Activity -
Write out again the lines from the line with "[0022]本發明還提供了一" up to and including the line with "Carved Wood antique", exactly as they stand below, and skip any picture.

Provided material -
--- --- ---

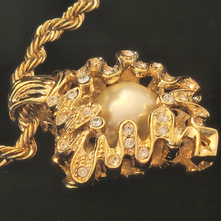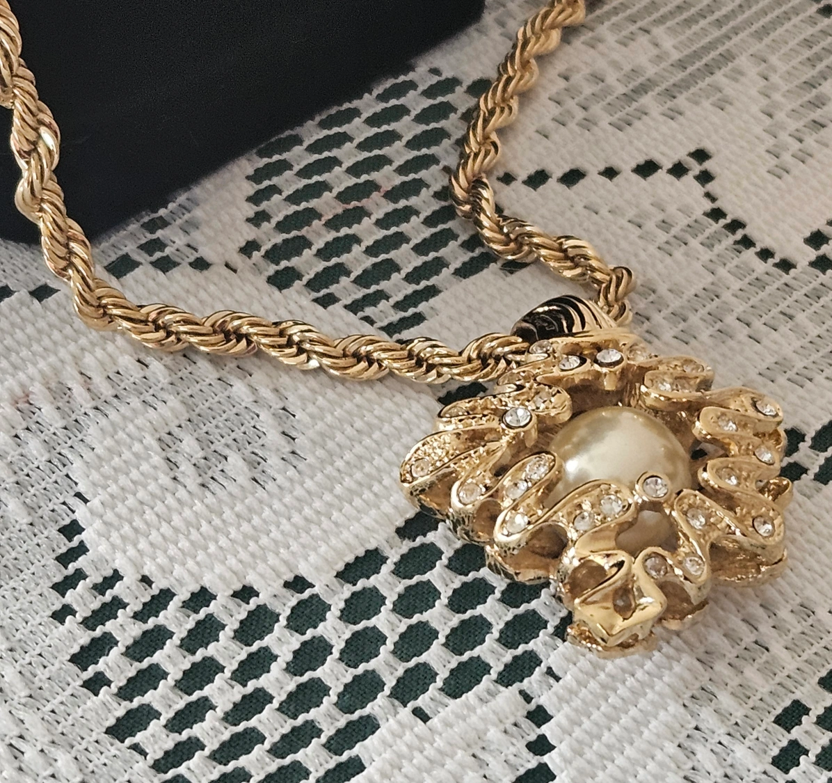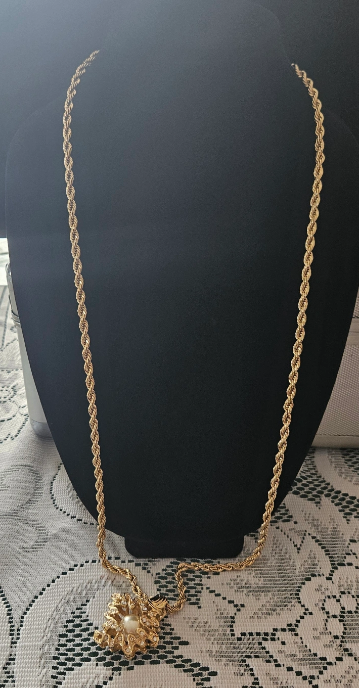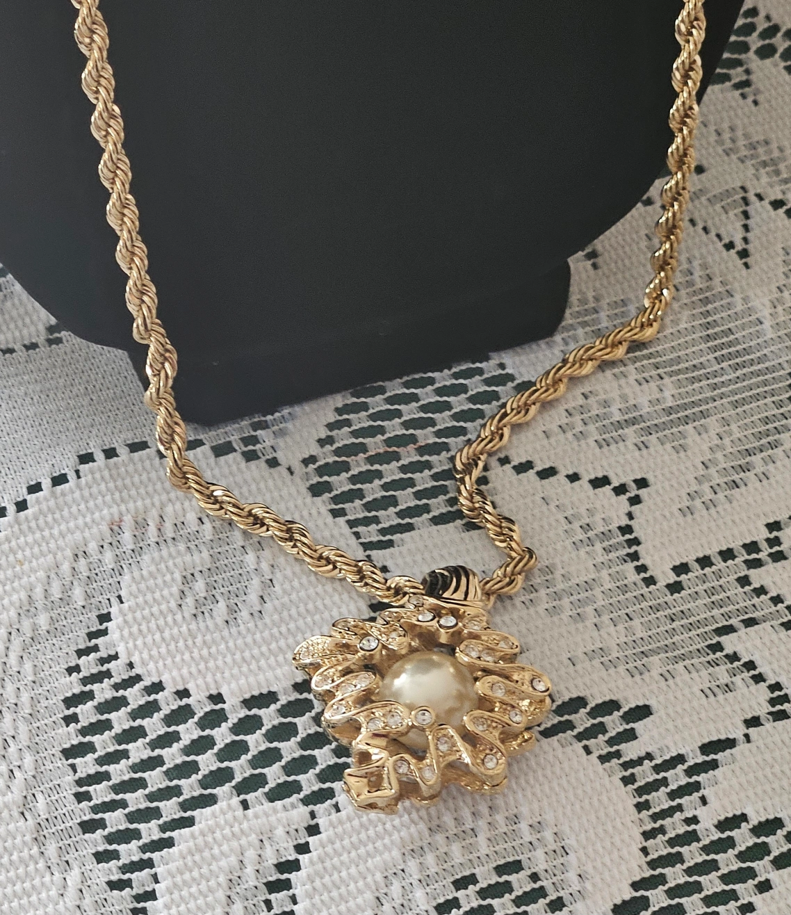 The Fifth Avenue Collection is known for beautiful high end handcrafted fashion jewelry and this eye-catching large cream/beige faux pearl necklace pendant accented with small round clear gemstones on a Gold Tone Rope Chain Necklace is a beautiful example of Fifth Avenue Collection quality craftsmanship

--- --- ---

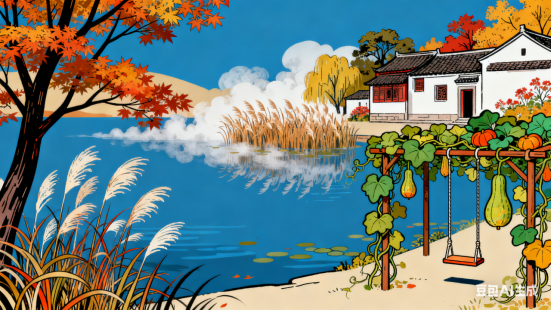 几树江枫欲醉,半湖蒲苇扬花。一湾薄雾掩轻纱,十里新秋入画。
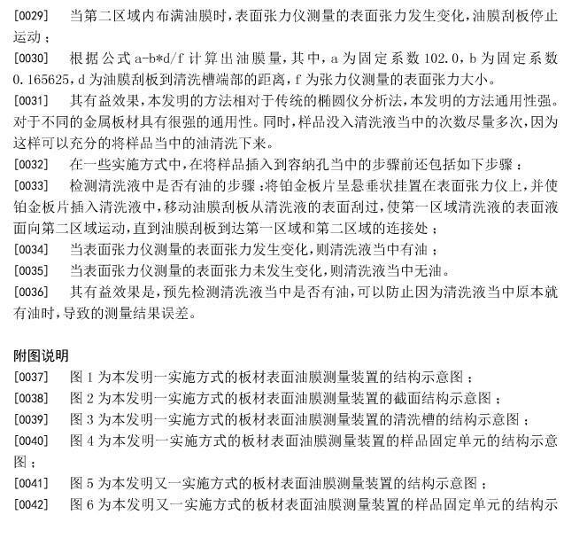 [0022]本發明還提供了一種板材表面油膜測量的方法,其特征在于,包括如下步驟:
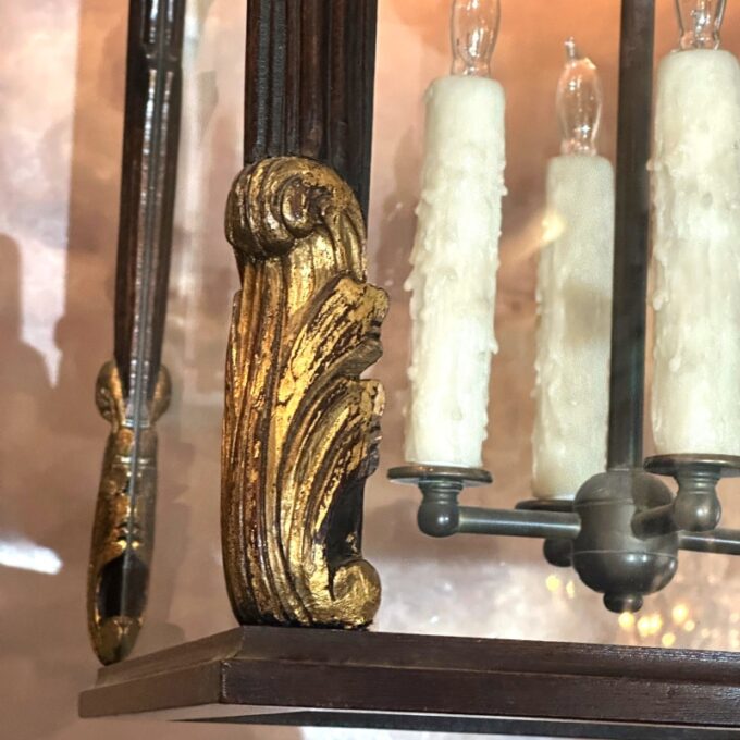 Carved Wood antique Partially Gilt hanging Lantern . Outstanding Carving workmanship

--- --- ---

Your response -
 [0022]本發明還提供了一種板材表面油膜測量的方法,其特征在于,包括如下步驟:
 Carved Wood antique Partially Gilt hanging Lantern . Outstanding Carving workmanship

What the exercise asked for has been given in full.